Photograph courtesy Cinnamon Life, City of Dreams

Forget the Suite Life. Meet Cinnamon Life in Colombo!

After a few days at South Asia’s largest integrated resort, I knew I’d be coming back for more.

BY

I left the lobby knowing I was coming back. Not just to Cinnamon Life, but to Colombo, to Sri Lanka and to everything this experience stood for.

With 687 rooms, 12 restaurants, and a sweeping cantilevered silhouette inspired by Sinhalese sacred geometry, Cinnamon Life is Colombo’s newest and boldest arrival. Designed by Balmond Studio, the architectural marvel isn’t just the largest integrated resort in South Asia — it’s a sensory map of Sri Lanka’s past and future.

It’s rare to realise, as you pull away from a hotel, that you will miss the people as much as the place. I should have seen this coming. When, upon first view, the structure looked like an archaeological puzzle. When the lobby held a Chathurika Jayani painting that made you smile and sigh at the same time, when bursts of orange collided with prismatic textures past the escalator. And when the lighting was just right — not glam and showy, not moody and faking aspiration, really just right.

Thus began my stay at Cinnamon Life, City of Dreams. At check-in, you stand facing the anchoring Lotus Tower, pleasantly at eye level from the 24th floor. I had arrived.

My first sunset in Colombo found me at the Flux Lounge. On the right lay development in tow. On the left, a city returning home. In the front, the glittering Arabian Sea. On the table, Prosecco and Ceylon Cashews. Here, dreams and reality intersect, like the makings of a modern art piece.

Photograph courtesy Cinnamon Life, City of Dreams

Architecture as the origin story

The design walk-through with James Balmond, the creative director of Balmond Studio and the architecture team that brought the hotel to life, resonated deeply. He spoke of human life, its pulse and its prismatic, kaleidoscopic rhythms reflected in an organisational system of patterns and prints within the lobbies and ballrooms. 

That archaeological puzzle of a building shape? It was derived from a simple drawing inspired by guardstones and moonstones, the markers of auspicious thresholds in ancient Sinhalese culture. A cantilevered structure followed. Then came the glass, the iconic details — everything positioning Cinnamon Life as the icon heralding a new arrival, a mark to a future city of Colombo. As a final touch, the sun, giver of life and light, rises bold and bright from the lobby itself — a composition that runs 5 storeys with a depth of 200 metres, using 8 different materials. 

James was one of the artists making this canvas of dreams come to life, paint still on his fingertips.

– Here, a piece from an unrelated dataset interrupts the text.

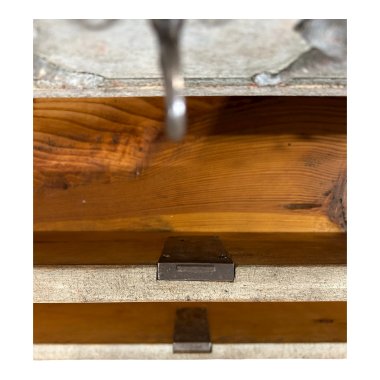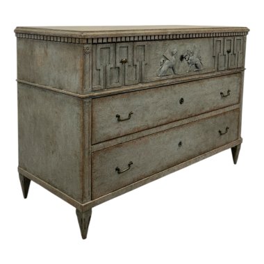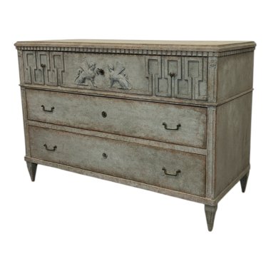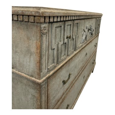 Gustavian-style chest of drawers in a warm shade of gray. A decorative toothed molding sits beneath the top. The entire top drawer features a decorative Gustavian motif. The remaining two drawers feature only their original brass handles. All locks are original (overlay) and functional, with one key included. Classic tapered legs. The furniture is crafted from maple (the drawer front and body) and pine (the back).

Sketches still in his pocket.

 

Photograph courtesy Cinnamon Life, City of Dreams
Photograph courtesy Cinnamon Life, City of Dreams

Art that doesn’t just decorate

Speaking of artists, contemporary art showcasing the country’s dreams stands proudly on walls across the property. Curated by Saskia Fernando Gallery, they turn your stroll to breakfast into an indulgent art walk. While sauntering back from Kurundu Spa (genuinely the best massage I have ever gotten), I notice a large inverted bucket. Titled Before Nineteen Eighty Three by Gayan Prageeth, the artwork uses an 8-foot bucket as a symbol of ethnic profiling and memory erasure. It depicts a landscape of the Jaffna Peninsula, which experienced significant transformation after 1983. Yet another bridge to what once was on the foundation of the future.

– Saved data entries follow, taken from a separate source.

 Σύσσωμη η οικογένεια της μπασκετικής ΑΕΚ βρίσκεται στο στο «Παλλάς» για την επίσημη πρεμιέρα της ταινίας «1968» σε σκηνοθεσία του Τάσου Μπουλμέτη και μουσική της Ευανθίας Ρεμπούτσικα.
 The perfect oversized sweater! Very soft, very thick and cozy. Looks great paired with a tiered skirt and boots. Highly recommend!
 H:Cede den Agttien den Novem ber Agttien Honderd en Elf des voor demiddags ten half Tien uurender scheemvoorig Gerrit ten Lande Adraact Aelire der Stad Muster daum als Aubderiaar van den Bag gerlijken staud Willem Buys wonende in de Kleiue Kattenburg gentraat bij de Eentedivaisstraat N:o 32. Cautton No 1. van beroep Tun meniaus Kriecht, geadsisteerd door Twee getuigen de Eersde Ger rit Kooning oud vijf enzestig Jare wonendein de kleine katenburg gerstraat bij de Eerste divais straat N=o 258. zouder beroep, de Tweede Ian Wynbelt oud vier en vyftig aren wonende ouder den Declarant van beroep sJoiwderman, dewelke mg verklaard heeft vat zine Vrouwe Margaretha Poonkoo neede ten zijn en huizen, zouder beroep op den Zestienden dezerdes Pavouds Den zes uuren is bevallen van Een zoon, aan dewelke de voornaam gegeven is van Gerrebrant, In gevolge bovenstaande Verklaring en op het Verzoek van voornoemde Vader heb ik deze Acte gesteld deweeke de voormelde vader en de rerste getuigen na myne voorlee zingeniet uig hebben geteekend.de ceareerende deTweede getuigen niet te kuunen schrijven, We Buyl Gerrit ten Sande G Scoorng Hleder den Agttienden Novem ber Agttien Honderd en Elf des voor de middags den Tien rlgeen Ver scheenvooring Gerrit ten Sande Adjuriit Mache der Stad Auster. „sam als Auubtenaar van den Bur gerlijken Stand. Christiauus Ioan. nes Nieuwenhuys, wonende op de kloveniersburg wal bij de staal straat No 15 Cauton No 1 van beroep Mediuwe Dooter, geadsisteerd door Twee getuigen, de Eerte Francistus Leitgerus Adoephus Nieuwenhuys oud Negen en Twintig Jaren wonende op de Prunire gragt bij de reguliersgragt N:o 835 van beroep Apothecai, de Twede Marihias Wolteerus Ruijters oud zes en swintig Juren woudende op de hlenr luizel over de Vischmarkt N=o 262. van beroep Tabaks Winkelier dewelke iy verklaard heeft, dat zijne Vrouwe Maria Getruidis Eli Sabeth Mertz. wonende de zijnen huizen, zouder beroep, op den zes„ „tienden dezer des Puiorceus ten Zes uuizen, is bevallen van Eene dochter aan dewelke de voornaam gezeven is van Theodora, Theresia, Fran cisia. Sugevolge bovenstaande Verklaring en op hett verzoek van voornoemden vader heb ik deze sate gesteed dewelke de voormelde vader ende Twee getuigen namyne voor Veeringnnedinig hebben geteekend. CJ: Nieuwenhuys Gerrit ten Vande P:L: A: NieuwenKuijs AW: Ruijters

Local roots, global vision

When I sit across from CEO and GM Sanjiv Hulugalle, at a stellar Cantonese lunch (one of the 8 cuisine-forward restaurants on the hotel premises), the beautiful meal itself becomes a mere backdrop to the conversation — real, soulful and once again levelling. It turns out that John Keells Holdings, the owner of the Cinnamon chain of hotels, has made it a point to bring Sri Lankans leading hospitality from across the world back to their home base to build this new page-turning project for the country. This joy and humility radiate through their dialogue. 

 

Photograph courtesy Cinnamon Life, City of Dreams
Photograph courtesy Cinnamon Life, City of Dreams

Rooms designed for rest

The rooms paint a calm and confident picture. A white canvas with calculated bursts of colour and smooth marble, uber-comfortable bedding and plush curtains that yield that glittering ocean at the whim of a button.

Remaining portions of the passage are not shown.